[Data records]
____
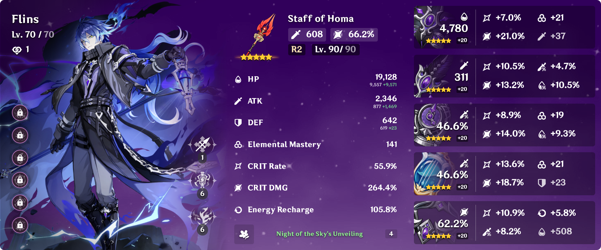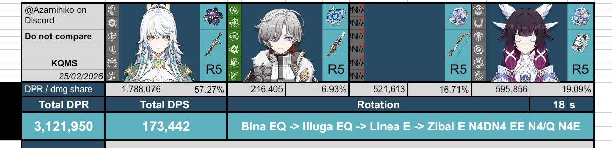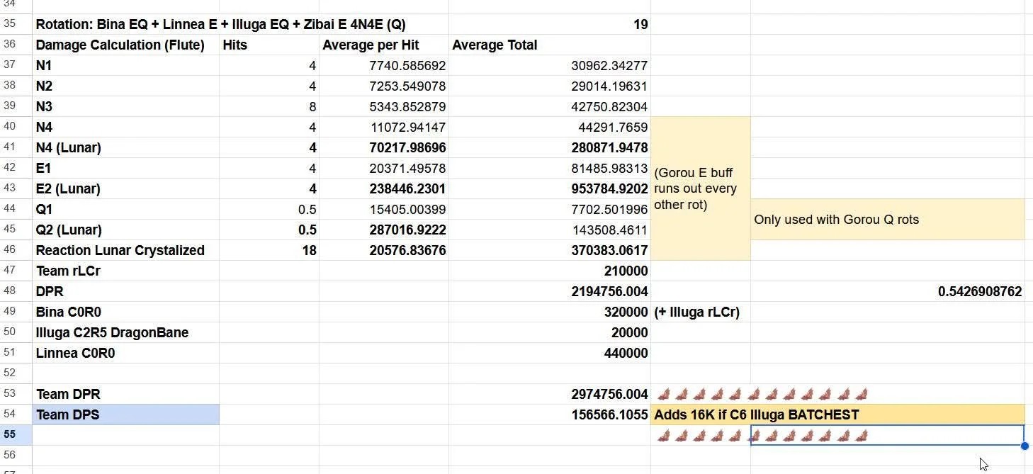 zibai is at 156k dps with c2 illuga and 172k with c6 illuga
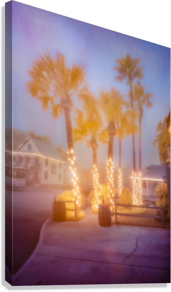 ABOUT THIS ARTWORK: ENCHANTING SAINT AUGUSTINE: PALM TREES AGLOW WITH CHRISTMAS MAGIC
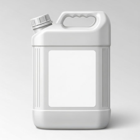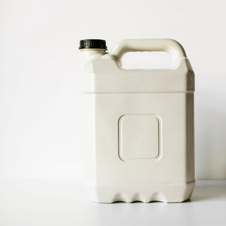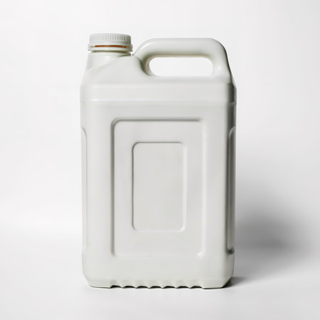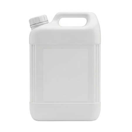 A sturdy utility bottle crafted for holding liquids stands upright on a plain surface. The smooth design and neutral color suggest practicality and cleanliness in a minimalistic setting.
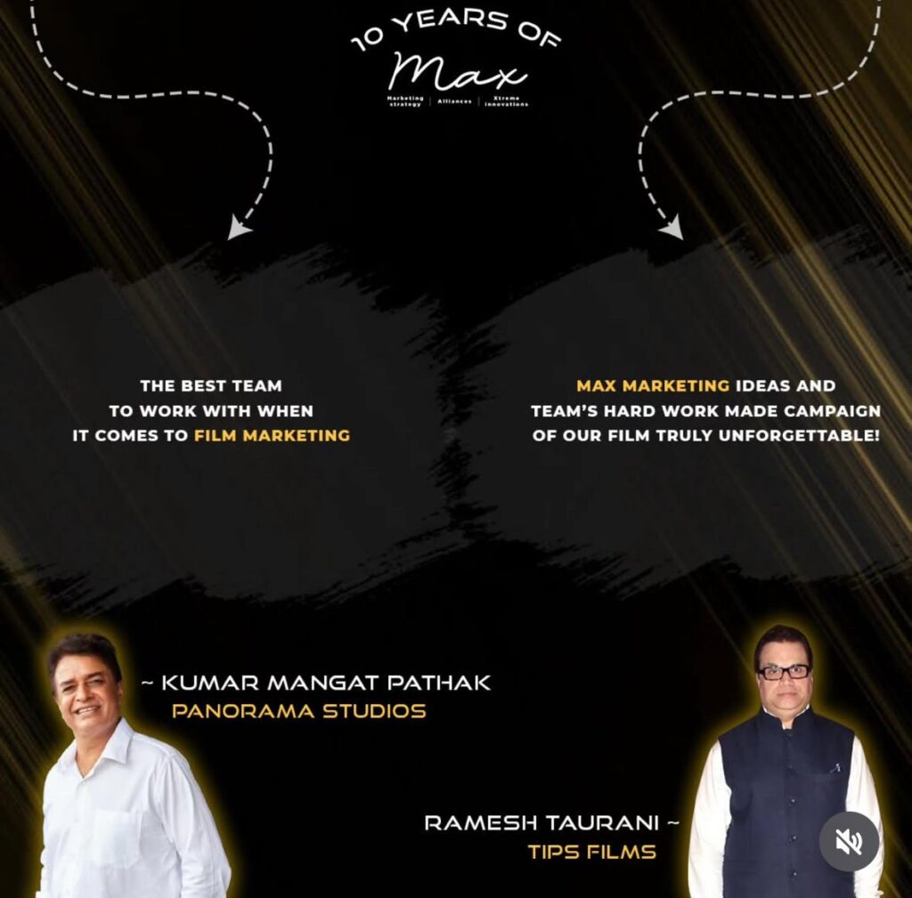 Ramesh Taurani of Tips Films says, “Max Marketing ideas and team’s hardwork made campaign of our film truly unforgettable.”
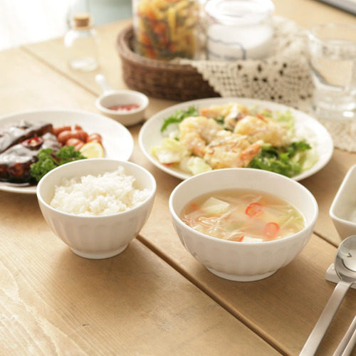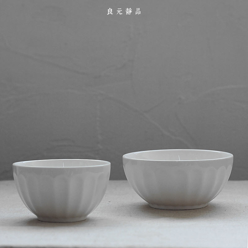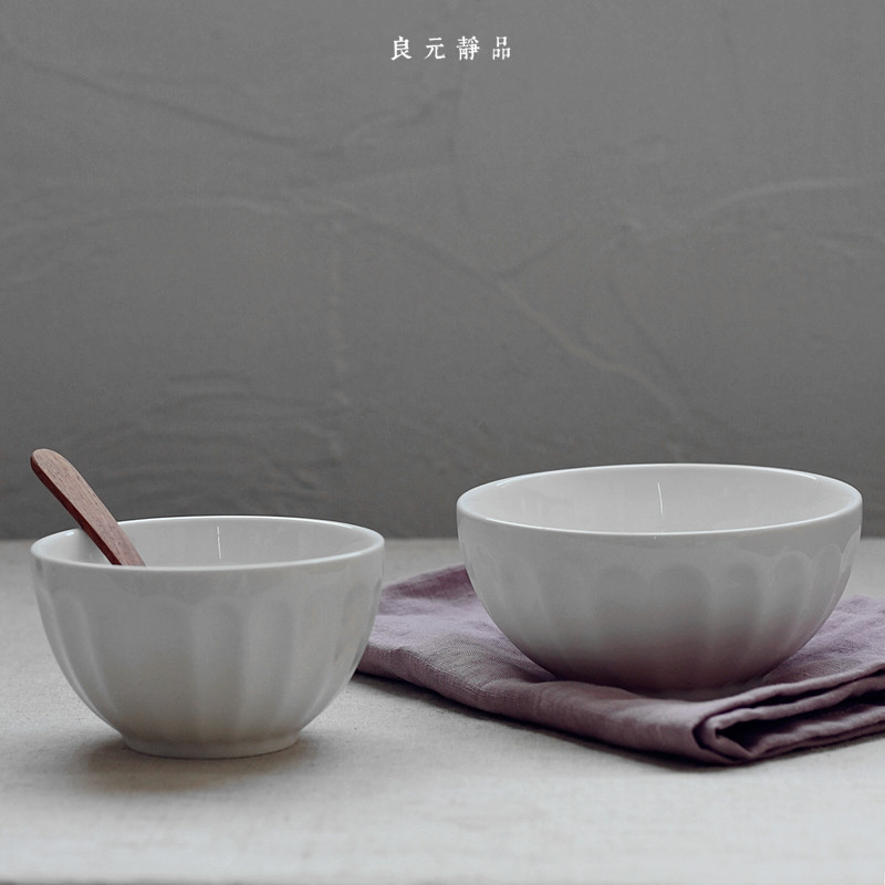 Lianyuan Jingfu Gourmet Food Photography Style Countryside Wind Vegetarian White ceramic rice bowls Classic retro vertical stripe Noodle Bowl
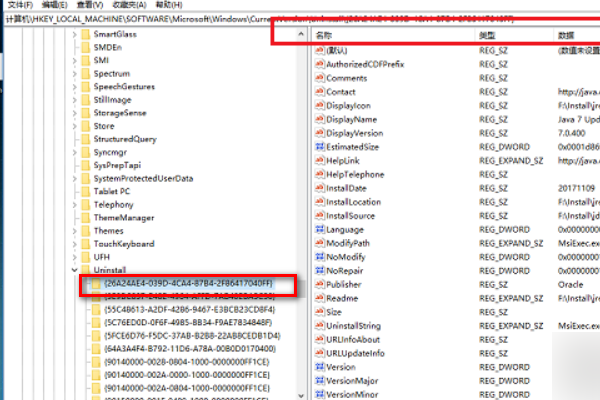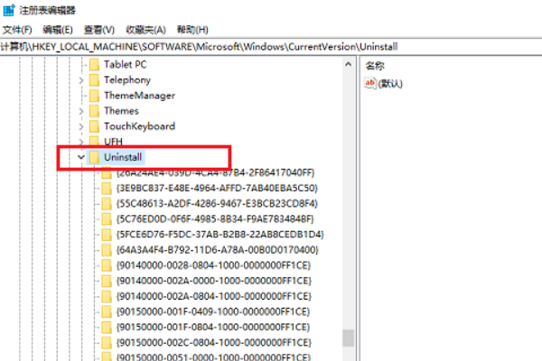 4、点击”Uninstal“下方的文件夹,右侧出现该项所有名称、类型、数据等信息。
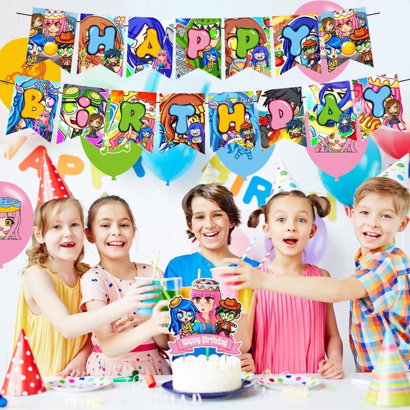 - ☆Wide Application: Funneh Krew Birthday Decorations Party Packs Is Created with The Mission To Leave Everyone with Beautiful Memories! birthday celebrate in style with a cartoon themed Party, this unique 4-in-1 decorations set will definitely light up your honey birthday party and make this an unforgettable moment for your sweet and their friends.
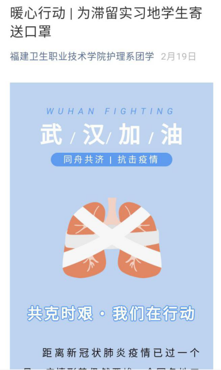 在这次抗击疫情过程中,社会各界积极履行社会责任,为抗击新型冠状病毒疫情贡献着力量。我校不仅有近百名优秀校友奔赴武汉防疫一线发扬了护理工作者的南丁格尔提灯精神,我系两位教师家属也奔赴武汉防疫一线彰显了医者的使命与担当。
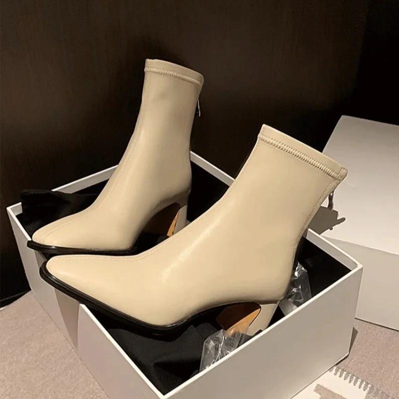 2024 Новые модные однотонные женские ботинки с круглым носком, на шнуровке, на толстом каблуке, с молнией сзади, модные ботинки, повседневные, Zapatos De Mujer
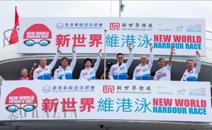 行政长官林郑月娥(左三)、劳工及福利局局长罗致光(右二)、环境局局长黄锦星(右三)、新世界发展有限公司执行副主席兼总经理郑志刚(中)、新世界发展有限公司执行董事欧德昌(左一)及薛南海(右一),联同香港业余泳总会会长王敏超(左二)主持鸣枪仪式,为竞赛组赛事揭开序幕。
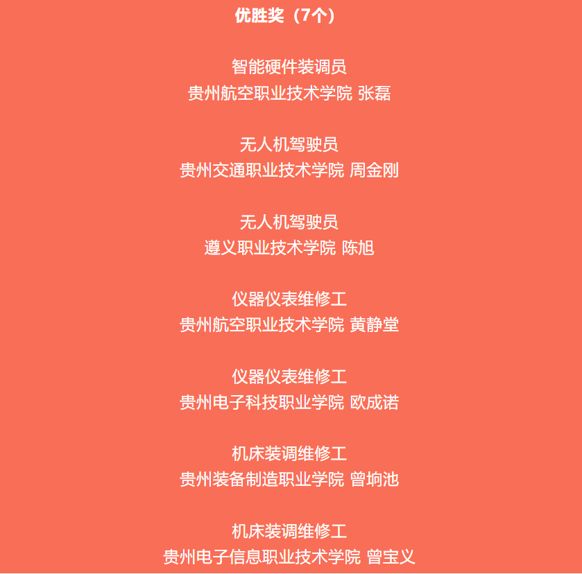 第十八届“振兴杯”全国青年职业技能大赛学生组专项赛全国决赛贵州省获奖名单
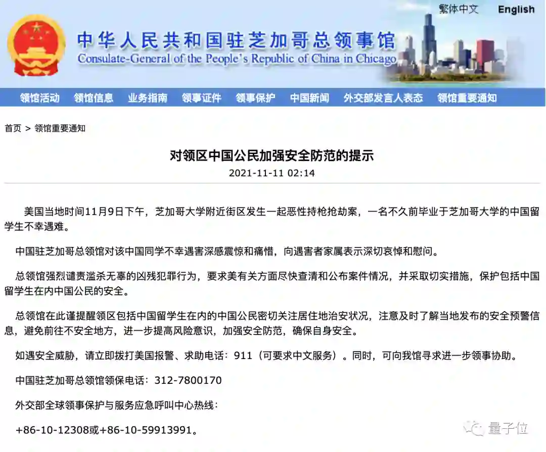 对此,驻芝加哥总领事馆也提醒中国留学生在内的中国公民,密切关注居住地治安情况,如果遇到安全威胁,请立即拨打美国报警、求助电话,同时可向领事馆寻求进一步协助。
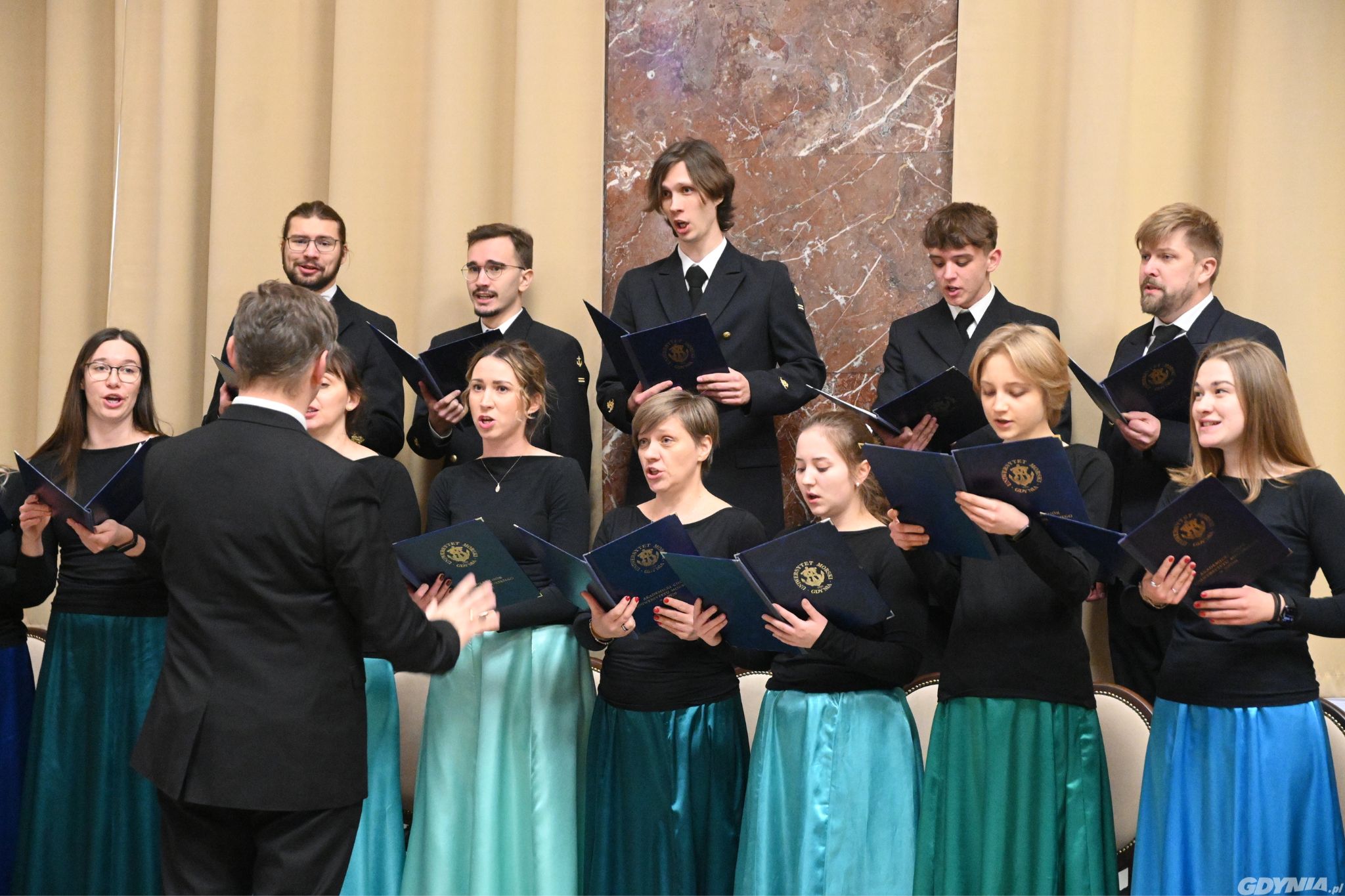 Uczelnia świętuje 103. rocznicę działalności. To wyjatkowy dzień dla społeczności Uniwersytetu Morskiego w Gdyni, który jest największą tego typu uczelnią w kraju. To uczelnia, która związana jest z naszym miastem i kształci studentów na wielu flagowych kierunkach. Z okazji 103. rocznicy działalności uczelni odbyły się oficjalne uroczystości. Jest to uczelnia, która zawsze była uczelnią typowo gdyńską. Dla wielu turystów Uniwersytet Morski na pewno kojarzy się z Darem Młodzieży, który jest jednostką flagową. Ale uniwersytet jest silną jednostką, dlatego, że kształci studentów na wielu kierunkach – mówiła Joanna Zielińska, przewodnicząca Rady Miasta Gdyni. Uczelnia świętuje 103. rocznicę działalności // fot. Dominika Sobiech Uroczystości odbyły się w piątek, 8 grudnia. O godz. 8.00 na gmachu głównym uczelni przy ul. Morskiej 83 uroczyście podniesiono banderę. Następnie uczestnicy obchodów udali się do kościoła oo. Redemptorystów przy ul. Portowej 2. Tam odbyła się msza św. w intencji studentów, doktorantów, pracowników i absolwentów Uniwersytetu Morskiego w Gdyni. Kolejnym punktem obchodów było uroczyste posiedzenie senatu uczelni. Zorganizowano je w auli im. Tadeusza Meissnera w budynku głównym uniwersytetu. Spotkanie otworzył rektor uczelni – prof. dr hab. inż. kpt. ż. w. Adam Weintrit. 8 grudnia to dzień wyjątkowy dla nas i całego szkolnictwa morskiego w Polsce. Tak jak nasza fregata szkolna Dar Mlodzieży, jest kontynuatorem tradycji żaglowca Lwów, a później Daru Pomorza. Tak my, jako społeczność Uniwersytetu Morskiego w Gdyni, mamy ten przywilej i zaszczyt pielęgnować oraz kontynuować misję, którą rozpoczęli wykładowcy i studenci w Tczewie - mówił podczas uroczystości rektor Uniwersytetu Morskiego w Gdyni. Uroczyste posiedzenie senatu Uniwersytetu Morskiego z okazji święta szkoły // fot. Dominika Sobiech8 grudnia jest szczególnym dniem dla szkolnictwa morskiego w Polsce. Tego dnia, 103 lata temu, uroczyście podniesiono banderę w gmachu Szkoły Morskiej w Tczewie. 10 lat później - po przeniesieniu szkoły do Gdyni – 8 grudnia 1930 roku odbyła się uroczystość poświęcenia nowo wybudowanego gmachu uczelni oraz sztandaru Państwowej Szkoły Morskiej w Gdyni. Dzisiaj święto uczelni. Jest to okazja do złożenia życzeń. Życzeń dalszego, tak dynamicznego rozwoju, ale przede wszystkim, życzeń każdej osobie, która tworzy Uniwersytet Morski. Wielkiej satysfakcji z pracy, którą wykonują. Z tego, że społeczność Uniwersytetu Morskiego buduje innowacyjną i silną Polskę morską – życzył Bartosz Bartoszewicz, wiceprezydent Gdyni ds. jakości życia. W posiedzeniu senatu Uniwersytetu Morskiego z okazji święta szkoły uczestniczyli m.in.: Joanna Zielińska, przewodnicząca Rady Miasta Gdyni oraz Bartosz Bartoszewicz, wiceprezydent Gdyni ds. jakości życia. // fot. Dominika Sobiech Uniwersytet Morski ma 103 lata doświadczenia w kształceniu polskich kadr morskich. W tym czasie uczelnia wykształciła kilkadziesiąt tysięcy absolwentów - kapitanów, oficerów marynarki handlowej, marynarzy, inżynierów, ludzi świata nauki, polityków, przedsiębiorców. Uczelni z ponad stuletnią, a dokładnie z stutrzyletnią tradycją, myślę, że należy życzyć dalszego pielęgnowania, tej fantastycznej tradycji, ale jednocześnie rozwoju, ponieważ nasz uniwersytet w ostatnich latach intensywnie się rozwija. I to także infrastrukturalnie. Na pewno można życzyć, jak największej liczby, jak najzdolniejszych studentów, bo po to uczelnia przede wszystkim funkcjonuje. I oby, tak jak jest zakorzeniona w Gdyni, tak jeszcze bardziej była związana z miastem – podkreślił Bartosz Tobieński, rzecznik prasowy Uniwersytetu Morskiego w Gdyni. Uroczystości uświetniły występy Akademickiego Chóru Uniwersytetu Morskiego. Występ Akademickiego Chóru Uniwersytetu Morskiego // fot. Dominika SobiechUczelnia oferuje studia I i II stopnia na 10 kierunkach i 49 specjalnościach. Można się tam kształcić na Wydziale Elektrycznym, Wydziale Nawigacyjnym, Wydziale Mechanicznym czy Wydziale Zarządzania i Nauk o Jakości. Opublikowano: 08.12.2023 13:00 Autor: Dominika Sobiech (dominika.sobiech@gdynia.pl) Zmodyfikowano: 08.12.2023 15:29 Zmodyfikował: Agnieszka Janowicz
____
**TASK DETAILS:** Where a picture appears, omit it; otherwise reproduce each line above from the first to the one with "Ramesh Taurani of", inclusive.

**YOUR RESPONSE:**
 zibai is at 156k dps with c2 illuga and 172k with c6 illuga
 ABOUT THIS ARTWORK: ENCHANTING SAINT AUGUSTINE: PALM TREES AGLOW WITH CHRISTMAS MAGIC
 A sturdy utility bottle crafted for holding liquids stands upright on a plain surface. The smooth design and neutral color suggest practicality and cleanliness in a minimalistic setting.
 Ramesh Taurani of Tips Films says, “Max Marketing ideas and team’s hardwork made campaign of our film truly unforgettable.”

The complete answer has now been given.